• Goal of the exercise:
Write each line out exactly, from the one containing "AK Veitsch, Alpenhotel Hubertushof im Winter" through the final line of the data, and keep pictures out of the copy.
Start of The input
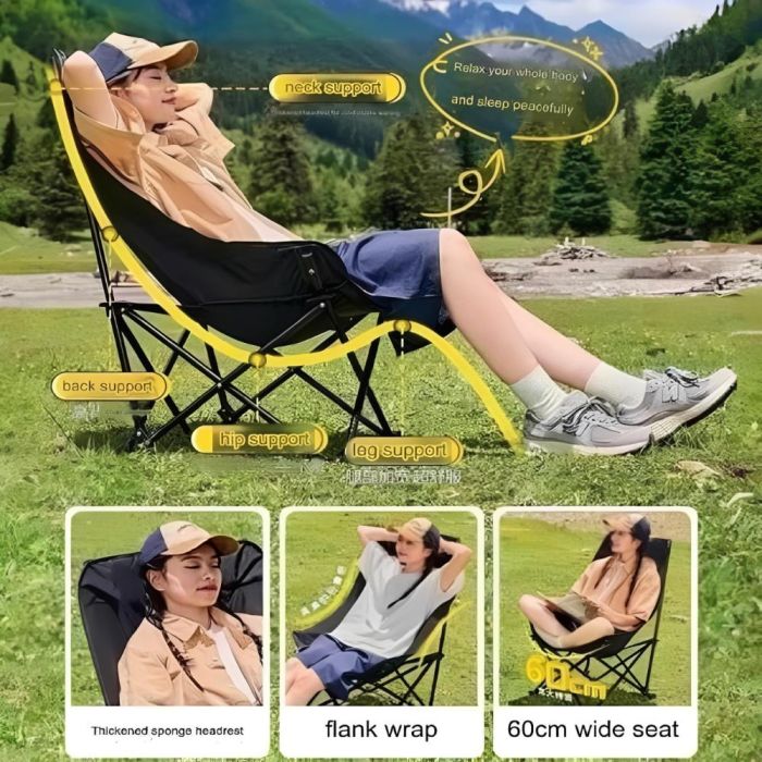 استمتع بأقصى درجات الراحة في المخيم مع هذا الكرسي الأنيق، يتحمل وزن حتى 90 كجم، كما يأتي مع حقيبة مدمجة لسهولة الحمل والتنقل
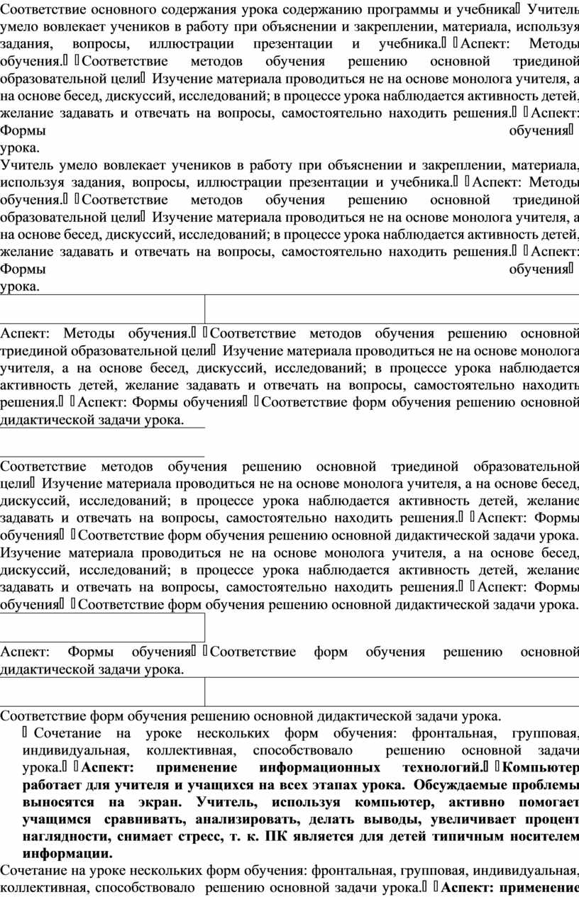 1. Соответствие дидактической задачи отобранному содержанию 2. Результативность решения дидактической задачи урока |
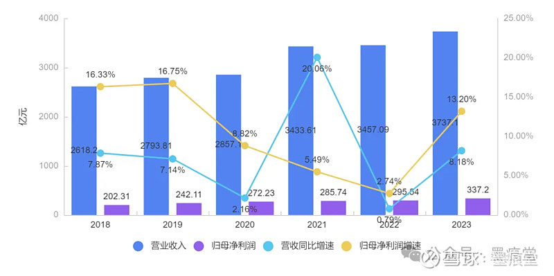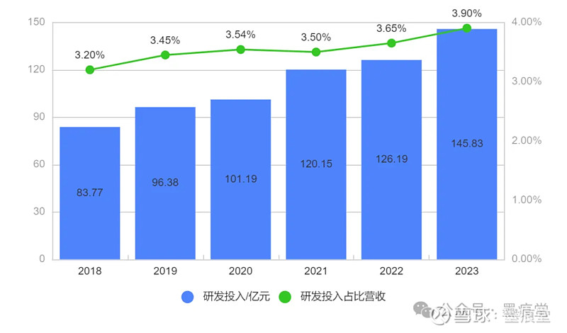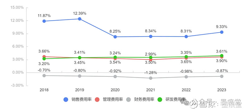 公司的销售费用率在2020年有个较大的降幅,之后一直保持在10%以内。对于三千多亿的营收来说,销售费用绝对额已经不小了。管理费用随着营收增长同步增长,增速也没有超过营收增速,是正常现象。财务费用由于公司存在大量资金沉淀,每年会获得1%营收的利息收入。研发费用率整体变化不大,但是随着营收净额的增加,每年的研发投入已经增加到百亿之上。
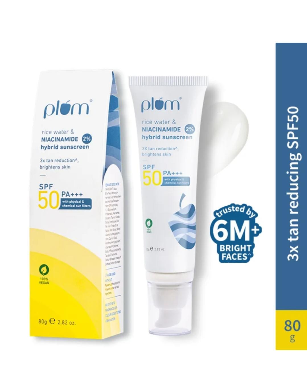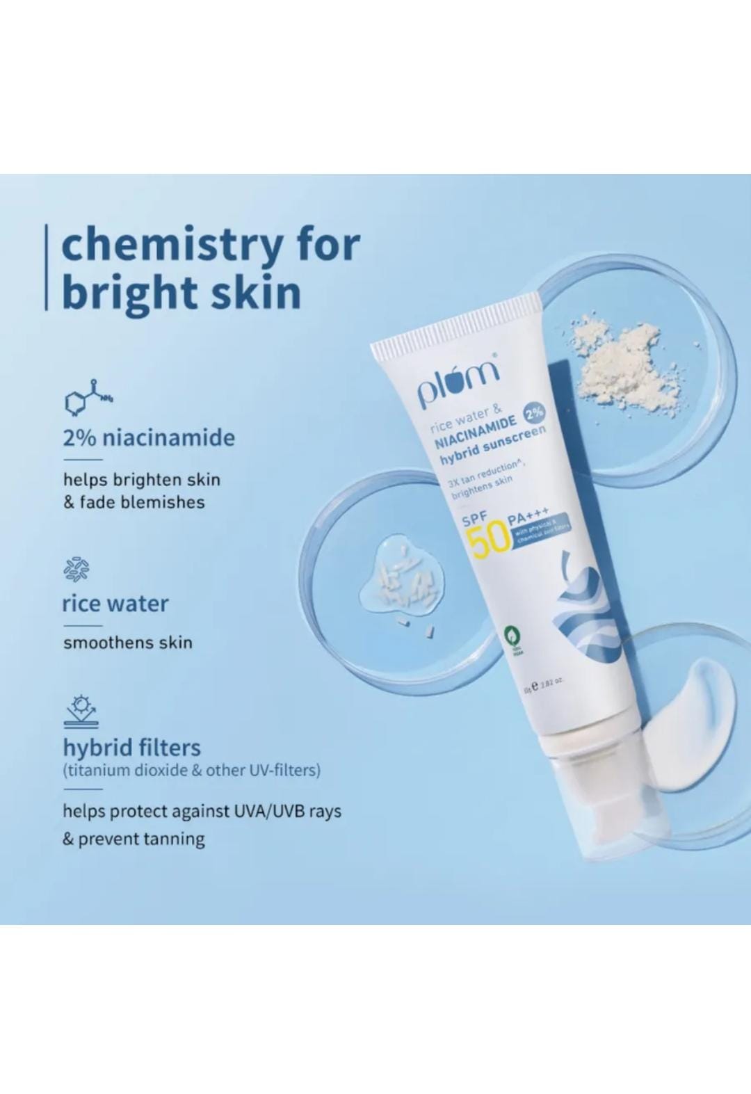Plum’s Rice Water & Niacinamide Hybrid Sunscreen offers SPF 50 PA+++ protection with a blend of physical and chemical filters. Infused with 2% niacinamide and rice water, it reduces tanning, brightens skin, and blends smoothly without white cast.
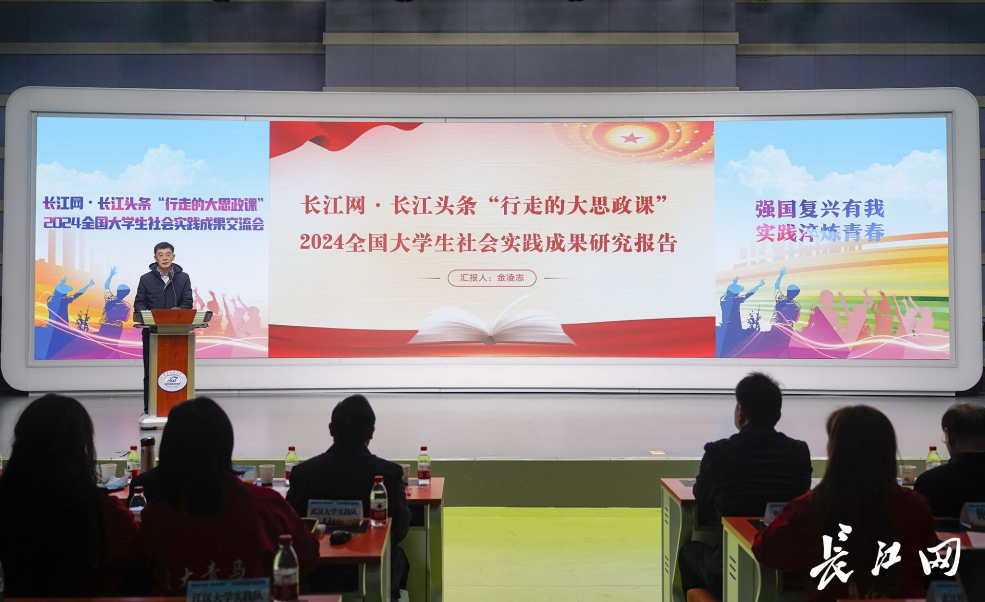 华中科技大学新闻与信息传播学院党委书记金凌志发布《长江网·长江头条“行走的大思政课”2024全国大学生社会实践成果研究报告》。 长江网记者彭年 摄
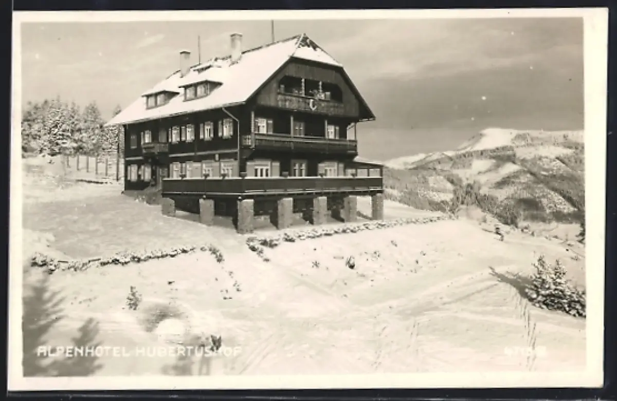 AK Veitsch, Alpenhotel Hubertushof im Winter
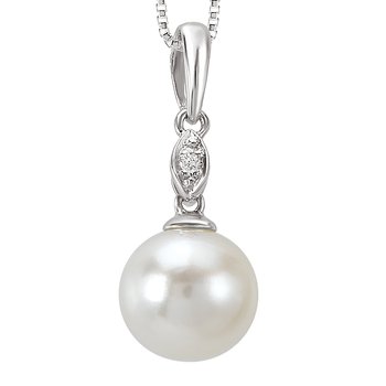 SILVER FW CULTURED PEARL PEND.WHITE 8.5-9MM RD PEARL W/ D.01 - Fine Jewelry
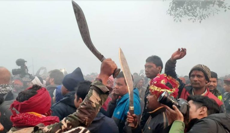 काठमाडौँ, १८ मंसिर । गढीमाई मन्दिरमा मंगलबार साढे ८ हजार८ पाडाको बलि दिइएको छ । हरेक ५ वर्षमा लाग्ने गढीमाई मेलामा अघिल्लोपटक करिब ५ हजार पाडाको बलि चढाइएको थियो । महागढीमाई नगरपालिका–१ बरियारपुरस्थित मन्दिरमा तान्त्रिक विधिअनुसार पञ्चबलि दिएर पूजा गरिएको हो । मन्दिरमा ब्रह्मस्थान र गढीमाईलाई रंगशालामा जम्मा गरिएका पाडा बलि चढाइएको थियो ।
End of The input
• Task response:
 AK Veitsch, Alpenhotel Hubertushof im Winter
 SILVER FW CULTURED PEARL PEND.WHITE 8.5-9MM RD PEARL W/ D.01 - Fine Jewelry
 काठमाडौँ, १८ मंसिर । गढीमाई मन्दिरमा मंगलबार साढे ८ हजार८ पाडाको बलि दिइएको छ । हरेक ५ वर्षमा लाग्ने गढीमाई मेलामा अघिल्लोपटक करिब ५ हजार पाडाको बलि चढाइएको थियो । महागढीमाई नगरपालिका–१ बरियारपुरस्थित मन्दिरमा तान्त्रिक विधिअनुसार पञ्चबलि दिएर पूजा गरिएको हो । मन्दिरमा ब्रह्मस्थान र गढीमाईलाई रंगशालामा जम्मा गरिएका पाडा बलि चढाइएको थियो ।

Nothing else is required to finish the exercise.